Under a federal agriculture program, this entitles him to about $1,300 in annual subsidies. Matthews was quoted as saying he doesn't want the money and would rather it go to actual farmers, but was told it would just go to other homeowners.
A classic "only in America" headscratcher?
Overseas, humble farmers just barely scraping by -- farmers like the Queen of England, who received £769,000 between 2003 and 2005 to help run her Sandringham estate and Windsor Castle -- are able to maintain a modest standard of living thanks to agricultural subsidies.
Interestingly, one wealthy Brit collected approximately £168,000 in subsidies for his organic farm in Gloucester between 2003 and 2004 - and he actually works the land.
Researcher Doug Koplow of the Geneva-based International Institute for Sustainable Development writes, "Virtually every production input and production stage of ethanol and biodiesel is subsidized somewhere in the country; in many locations, producers can tap into multiple subsidies at once."
This includes such small-time producers as Archer Daniels Midland (ADM), 43% of whose annual profits are from products "heavily subsidized or protected by the American government," as was noted by the libertarian Cato Institute's James Bovard in his seminal 1995 case study "Archer Daniels Midland: A Case Study In Corporate Welfare".
Archer Daniels' revenues last year were $44 billion. Assuming Bovard's figures have remained constant (one would assume the 43% quoted would now be a bit low, given the increase in corn used for ethanol,) $18,920,000,000 of that came partially from your pockets-and mine.
As more and more corn is used to create ethanol for fuel through heavily subsidized corn production, people in other countries are rioting because there's no affordable corn for them to eat.
A statement released by 20 developing nations including China, Mexico and Argentina said, "The unfair competition brought by subsidies hinders the process of market liberalization by developed and developing countries alike."
I asked my favorite Houstonian free marketeer, Ryan Krueger, to comment.
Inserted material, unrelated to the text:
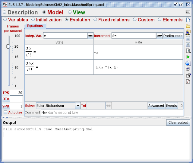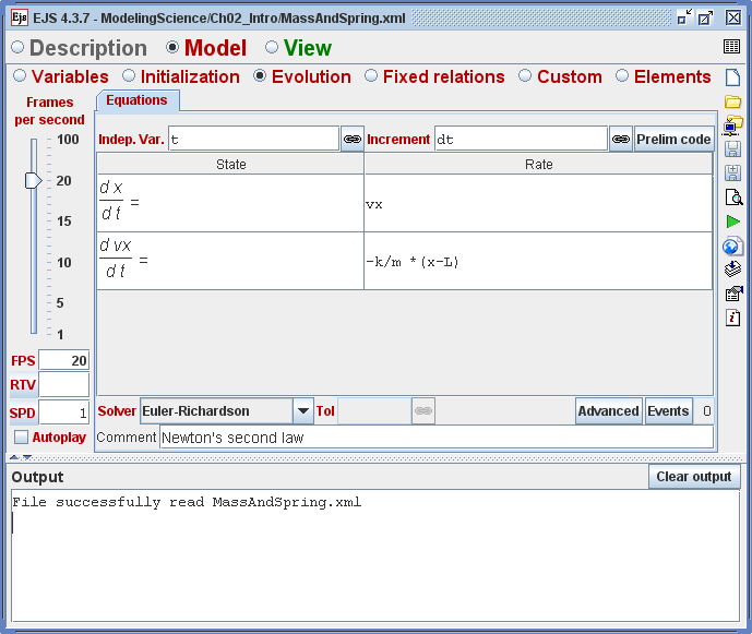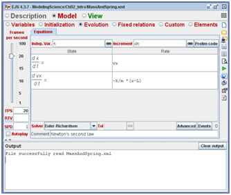 Figure 1. EJS authoring toolkit version 4.3.7 showing the Evolution Page with the Ordinary Differential Equations to model a simple spring mass system. |

His answer shed light on an even bigger issue.
"A convenient truth about free markets is they would help the poor even more then the rich trying to save them all the time," he said. "Instead of giving, how about hiring? Poverty often shares an address with fertile pieces of land that could be farmed if not for crushing import taxes to bring many crops into the United States and Europe. Many countries would rather send us food they could sell than be given food out of guilt."
Something to consider over your morning bowl of General Mills' (GIS) Corn Flakes.